Ethics Guidelines

This page details our ethics guidelines for authors. For information on the submission process, please click here.

Originality & Plagiarism

All articles published in any CJPA issue must represent original work.

A determination of plagiarism or fabrication by the Journal will require contacting the corresponding author and possibly institution. If plagiarism or fabrication is determined post-publication, the Journal will investigate potential courses of action, up to and including formal retraction of the article.

Use of AI Tools

The Journal does not allow artificial intelligence (AI) tools such as ChatGPT or large language models (LLMs) to be listed as authors. The emerging consensus of scholarly organisations, including the Committee on Publication Ethics, is that AI tools do not meet the requirements for authorship since they cannot assume ethical and legal responsibility for their work.

CJPA authors must represent to the press and to readers that their work is original as well as responsible and scholarly in its use of material created by others. Authors who use AI tools to produce text or images/graphics, or to collect data, must inform their editors of this use and be transparent about it in their manuscripts so that readers understand the role of these tools in the development of the work. Authors are fully responsible for the content of their manuscripts including any portions produced by AI tools, and are liable for any ethical breaches that may result from the use of such content.

Conflict of Interest

When an author or the institution of the author has a relationship, financial or otherwise, with individuals or organisations that could influence the author’s work inappropriately, a conflict of interest may exist. Perceptions of conflict of interest are as important as actual conflicts of interest.

Financial relationships (such as employment, consultancies, stock ownership or options, honoraria, patents, and paid expert testimony) are the most easily identifiable conflicts of interest and the most likely to undermine the credibility of the journal, the authors, and of science itself.
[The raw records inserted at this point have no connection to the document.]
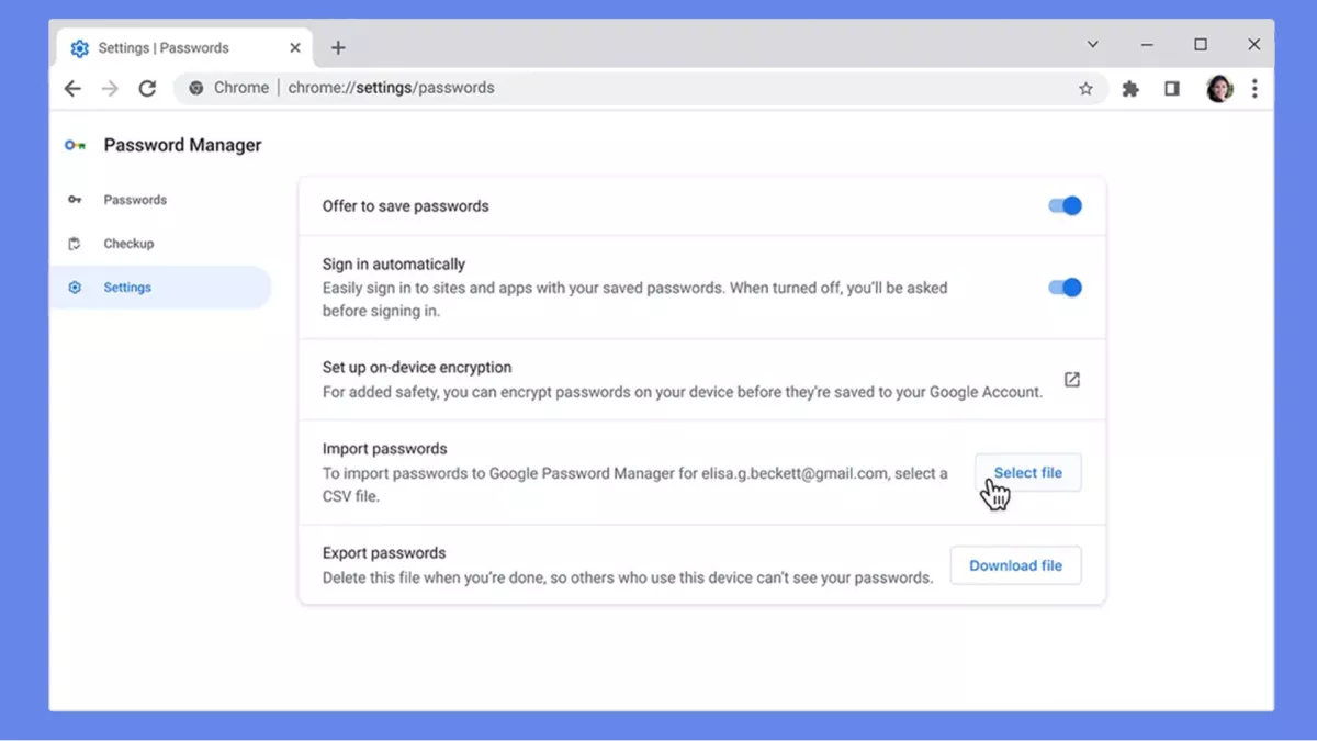 A Google também vai permitir que importes palavras-passe de gestores de terceiros para o Chrome no teu computador. Segundo a página de ajuda da Google, deves primeiro converter as tuas credenciais num ficheiro .csv antes de carregar qualquer coisa no navegador.
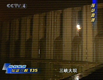 水位達至135米的三峽大壩。(中央電視臺圖)
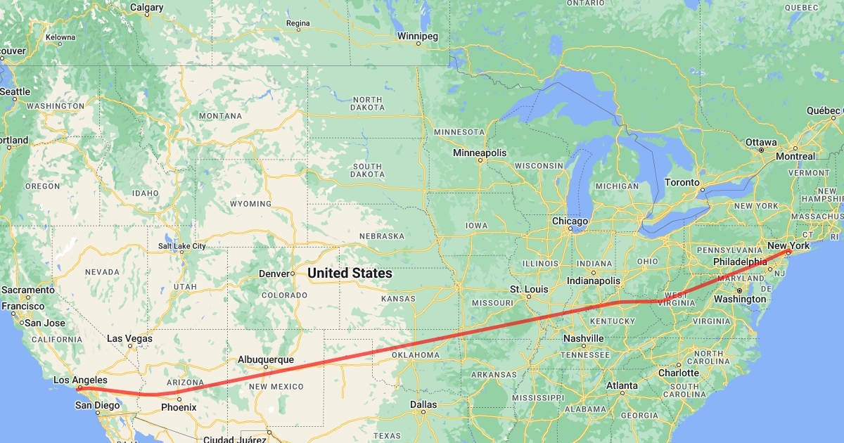 New York City, New York to Los Angeles, California (Flight Path)
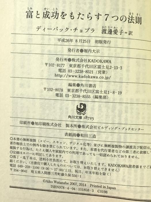 Deepak Chopra's Seven Laws of Wealth and Success (Kadokawa Bunko) KADOKAWA/Kadokawa Shoten
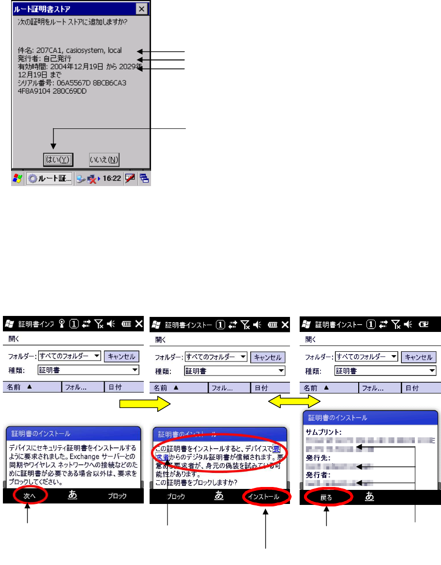 Windows Mobile OS は、ルート証明書のインストールの確認画面が表示されます。
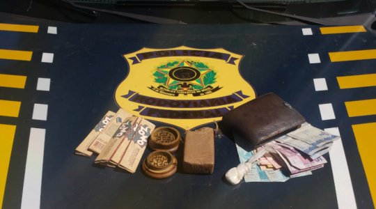 Policiais Rodoviários Federais realizaram a apreensão de aproximadamente 80g de substância análoga a maconha e 10g de substância análoga a cocaína.

However, conflicts can occur for other reasons, such as personal relationships or rivalries, academic competition, and intellectual beliefs. Authors should avoid entering into agreements with study sponsors, both for-profit and nonprofit, that interfere with authors’ access to all of the study’s data or that interfere with their ability to analyse and interpret the data and to prepare and publish manuscripts independently when and where they choose.

To report a conflict of interest, please contact the CJPA editorial team at editor.cjpa@gmail.com.

Informed Consent

Participants have a right to privacy that should not be infringed upon without their informed consent. Identifying information should not be published in written descriptions or photographs unless the information is essential and the participant (or parent or guardian) gives written informed consent for publication. Informed consent for this purpose requires that a participant who is identifiable be shown the manuscript before it is to be published. Complete anonymity is difficult to achieve, however, and informed consent should be obtained if there is any doubt. Informed consent is required for many different reasons:

  • To include subjects/participants in a study;
  • To publish identifying information in text and images;
  • To publish a paper which includes details of the subject/participant.

In either the introduction or Methods section of the manuscript, authors must state the following verbatim, or after suitable modifications unique to the study:

“Informed consent was obtained from all participants for being included in the study.”

Authors should also state whether the informed consent was written or oral. If informed consent was received orally, the author must include the following:

  • Why written consent could not be obtained;
  • That the institutional review board or appropriate research committee(s) approved the use of the oral consent;
  • How oral consent was documented.

If informed consent was not obtained, authors are required to give an explanation why this was so.

Participants must be properly instructed and have indicated that they consent to participate by signing the appropriate informed consent paperwork. Authors should be able to submit, upon request, a statement from their institution or ethics committee indicating approval of the research. We reserve the right to reject work that we believe has not been conducted to a high ethical standard, even when acceptance by the editorial process has been observed.